All lines from the one containing "Proto - 15 Piece" through the end of the material below are to be printed exactly, both ends included, minus pictures.

++++ Data below ++++

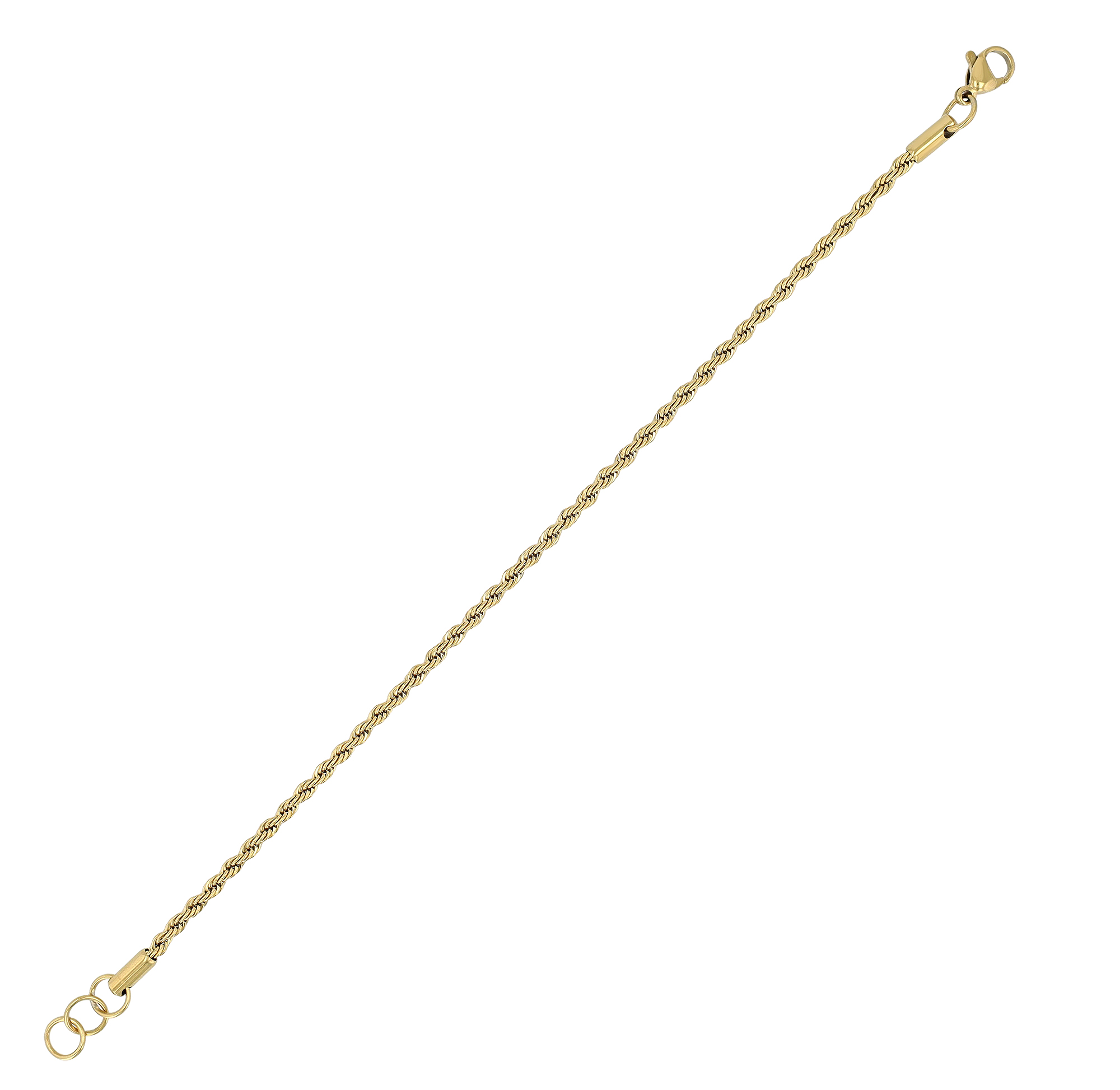 Deze goudkleurige armband van het merk Akzent heeft een koordpatroon en is gemaakt van roestvrij staal. Bij dit type ketting worden drie strengen ketting aan elkaar gekoppeld om de karakteristieke spiraalvorm te creëren. De elegante damesarmband kan geopend en gesloten worden met een praktische karabijnsluiting, die ook gemaakt is van roestvrij staal. De afmetingen zijn 18 cm lang en 2 mm dik. De armband heeft ook een verlengkettinkje van 2 cm zodat de lengte gevarieerd kan worden. De sieradenarmband is een mooi accessoire voor elke gelegenheid en een geweldig cadeau.
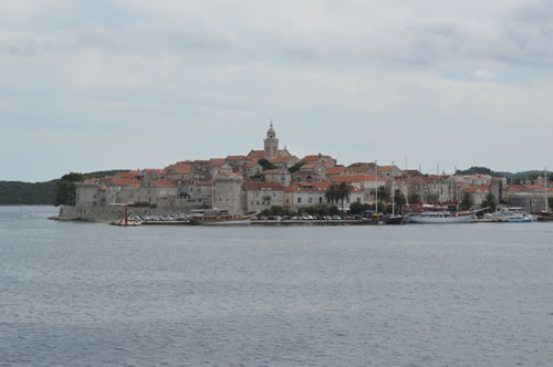 Those mountains to our left were going to grow into a big stone wall as we continued south! For the moment, though, we swung to our right, and headed towards our next port of call, the rather beautiful town of Korčula.
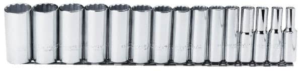 Proto - 15 Piece 1/2" Drive Chrome Finish Deep Well Socket Set - 12 Points, 3/8" to 1-1/4" Range, Inch Measurement Standard
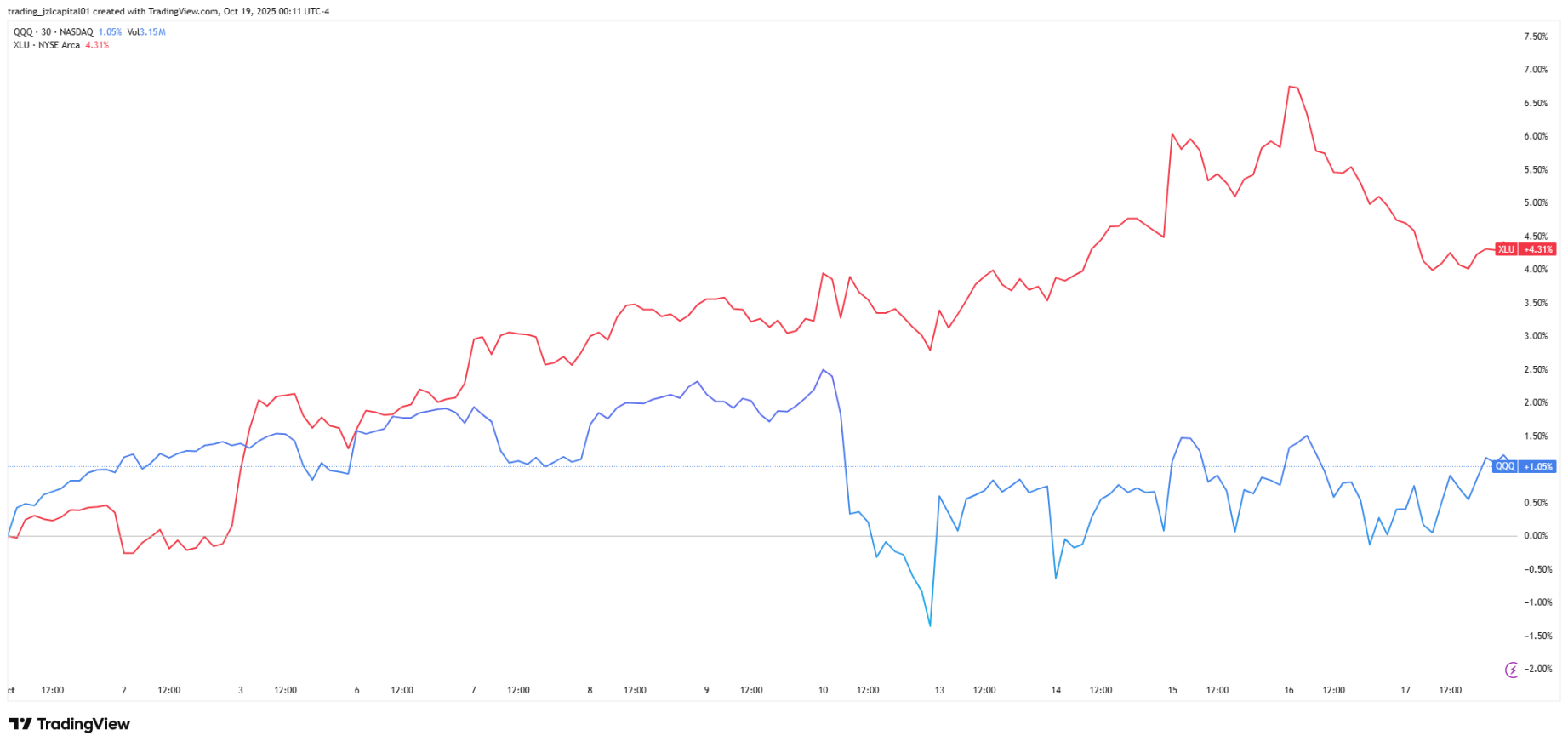 c. 风险偏好承压导致 QQQ 周内波动加剧,防御型板块龙头 XLU 逆势上涨 4%+,资金短期回流防御;

++++

● **Answer to this problem**:
 Proto - 15 Piece 1/2" Drive Chrome Finish Deep Well Socket Set - 12 Points, 3/8" to 1-1/4" Range, Inch Measurement Standard
 c. 风险偏好承压导致 QQQ 周内波动加剧,防御型板块龙头 XLU 逆势上涨 4%+,资金短期回流防御;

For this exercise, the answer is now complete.